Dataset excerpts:
———

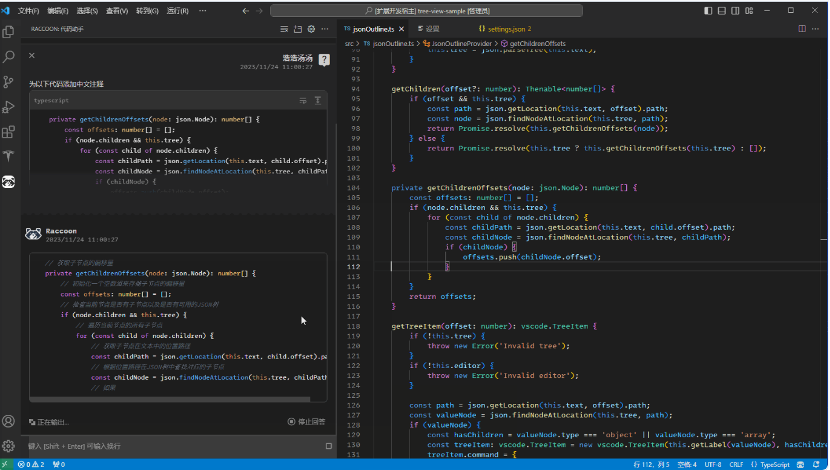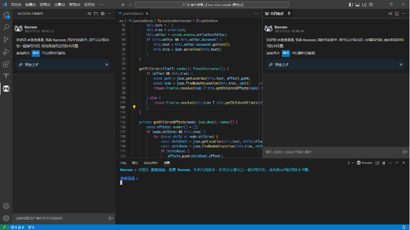 1)侧边栏内代码助手 (GUI):点击 VS Code 侧边栏的 Raccoon 图标激活;
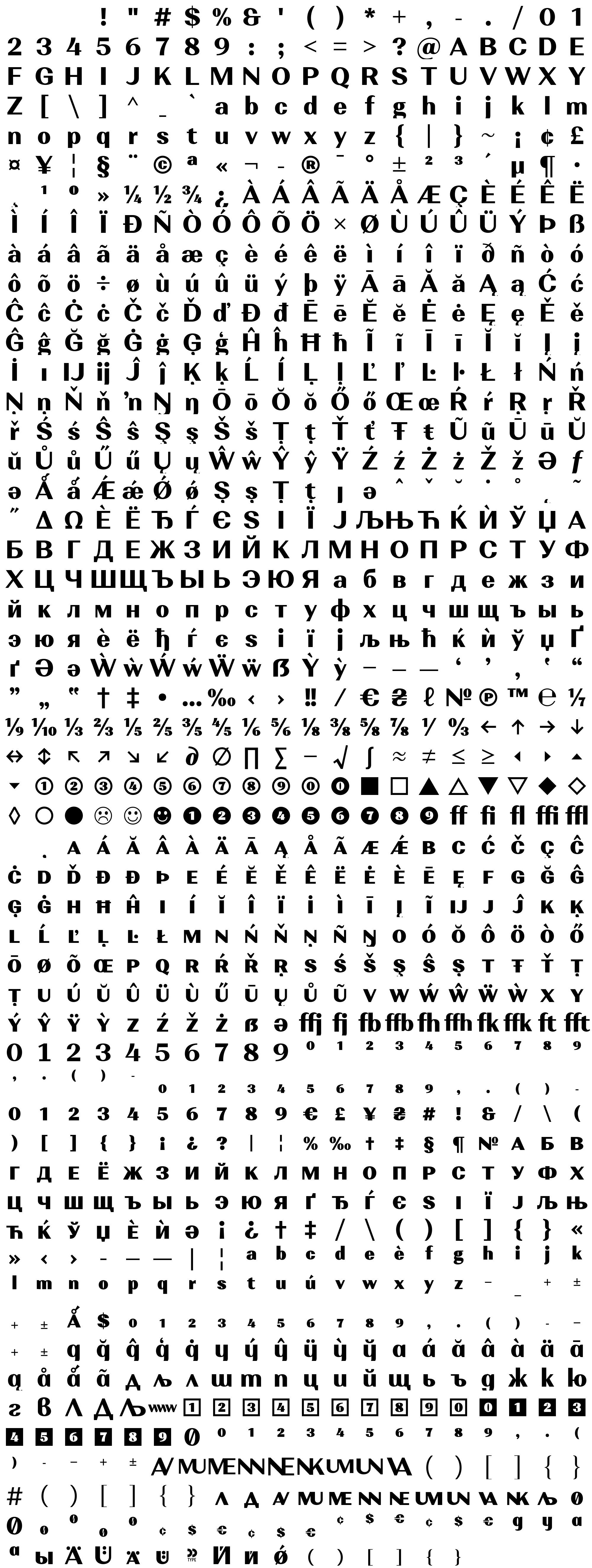 Due to the nature of thumbs' generation process, some of the glyphs in the glyph map may appear cropped.
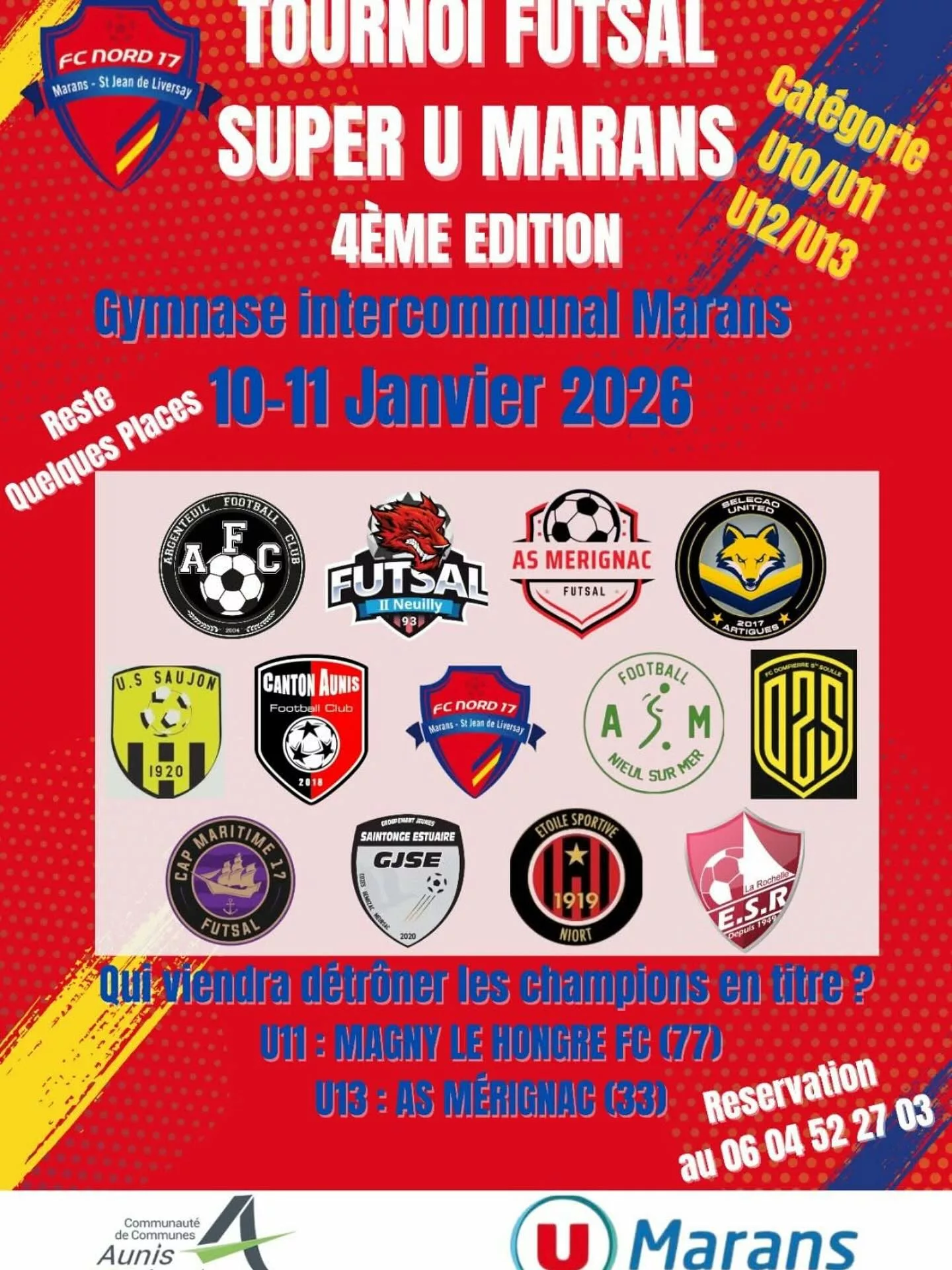 https://www.helloasso.com/associations/fc-nord-17- football-marans-saint-jean-de- liversay/evenements/fc-nord- 17-4-eme-edition-tournoi- futsal-super-u-marans-u11-et- u13
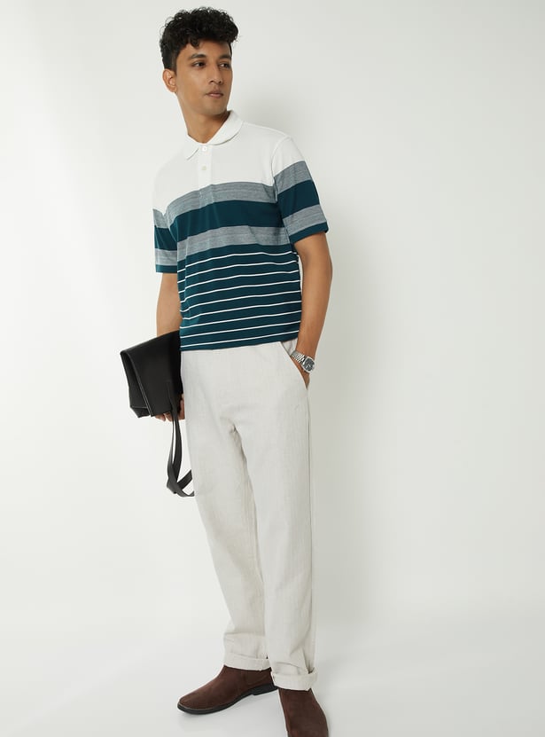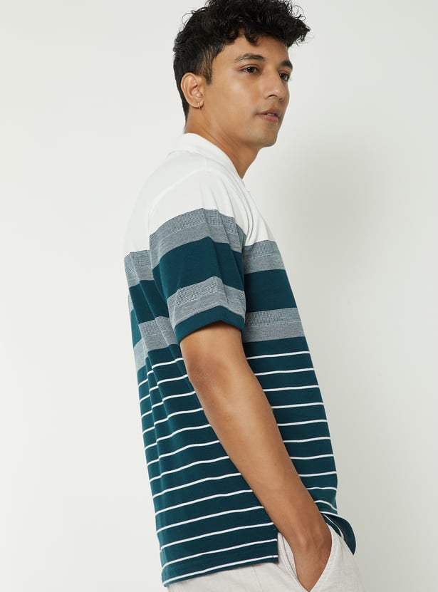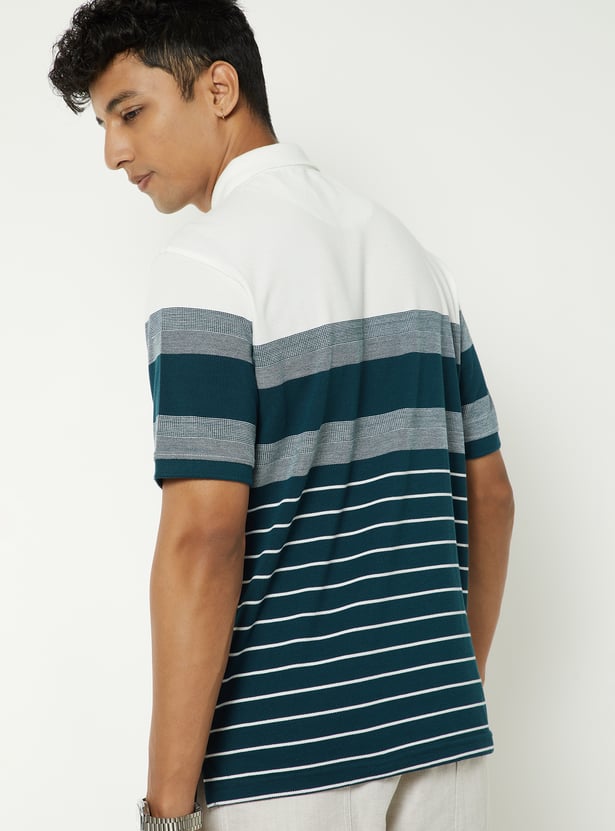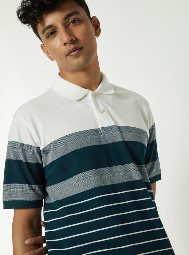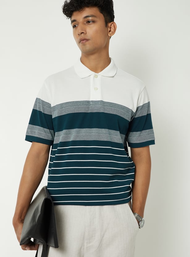 Step up your casual style with this striped polo T‑shirt, featuring a classic polo collar and half sleeves. The timeless stripes add a sporty edge, making it perfect for everyday wear.
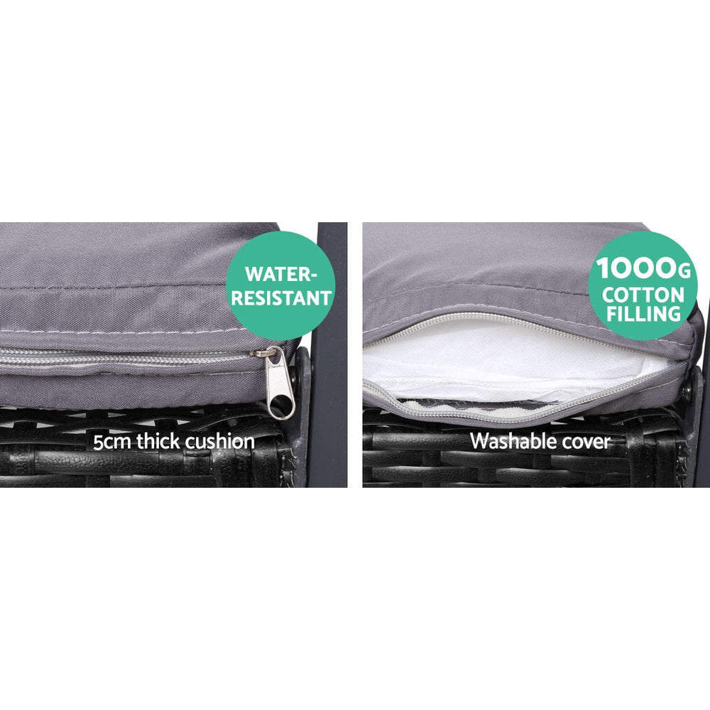 Great for any balcony or patio area, our Gardeon 4-pc Outdoor Set simply looks inviting and elegant from any angle. From its sturdy powder-coated frame and UV-resistant PE wicker to the ultra-comfortable 1000g cotton-filled 5cm thickness cushions and 5mm tempered glass table top, the set is simply finished in extraordinary workmanship. The cushion covers are almost removable and washable for easy maintenance. Best of all, you need not use it just for the outdoors, as this marvellous set is just as appealing in your living room, bedroom or any room that deserves its fine presence.
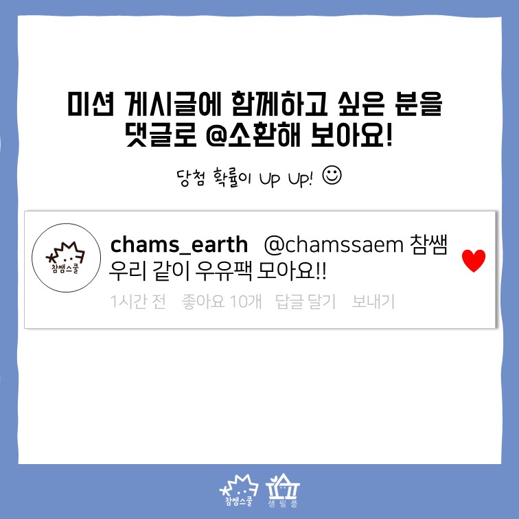 실천 결과를 SNS에 태그와 함께 공유해 주시면 추첨을 통해 선물도 드려요! 함께 참여하고 싶은 분을 이 게시글에 댓글로 태그해 주시면 당첨 확률이 UP!
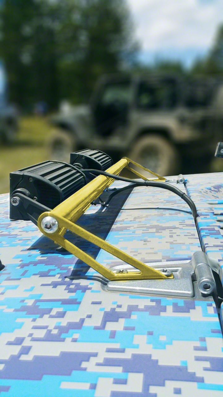 Application. Steinjager Two 8-in. LED Light Bars with Lemon Peel Hood Hinge Mounting Brackets fit all 2007 to 2018 Jeep Wrangler JK models.

———

How to complete this task
Every line above should be repeated exactly; pictures stay out of the copy.

Exercise output
 1)侧边栏内代码助手 (GUI):点击 VS Code 侧边栏的 Raccoon 图标激活;
 Due to the nature of thumbs' generation process, some of the glyphs in the glyph map may appear cropped.
 https://www.helloasso.com/associations/fc-nord-17- football-marans-saint-jean-de- liversay/evenements/fc-nord- 17-4-eme-edition-tournoi- futsal-super-u-marans-u11-et- u13
 Step up your casual style with this striped polo T‑shirt, featuring a classic polo collar and half sleeves. The timeless stripes add a sporty edge, making it perfect for everyday wear.
 Great for any balcony or patio area, our Gardeon 4-pc Outdoor Set simply looks inviting and elegant from any angle. From its sturdy powder-coated frame and UV-resistant PE wicker to the ultra-comfortable 1000g cotton-filled 5cm thickness cushions and 5mm tempered glass table top, the set is simply finished in extraordinary workmanship. The cushion covers are almost removable and washable for easy maintenance. Best of all, you need not use it just for the outdoors, as this marvellous set is just as appealing in your living room, bedroom or any room that deserves its fine presence.
 실천 결과를 SNS에 태그와 함께 공유해 주시면 추첨을 통해 선물도 드려요! 함께 참여하고 싶은 분을 이 게시글에 댓글로 태그해 주시면 당첨 확률이 UP!
 Application. Steinjager Two 8-in. LED Light Bars with Lemon Peel Hood Hinge Mounting Brackets fit all 2007 to 2018 Jeep Wrangler JK models.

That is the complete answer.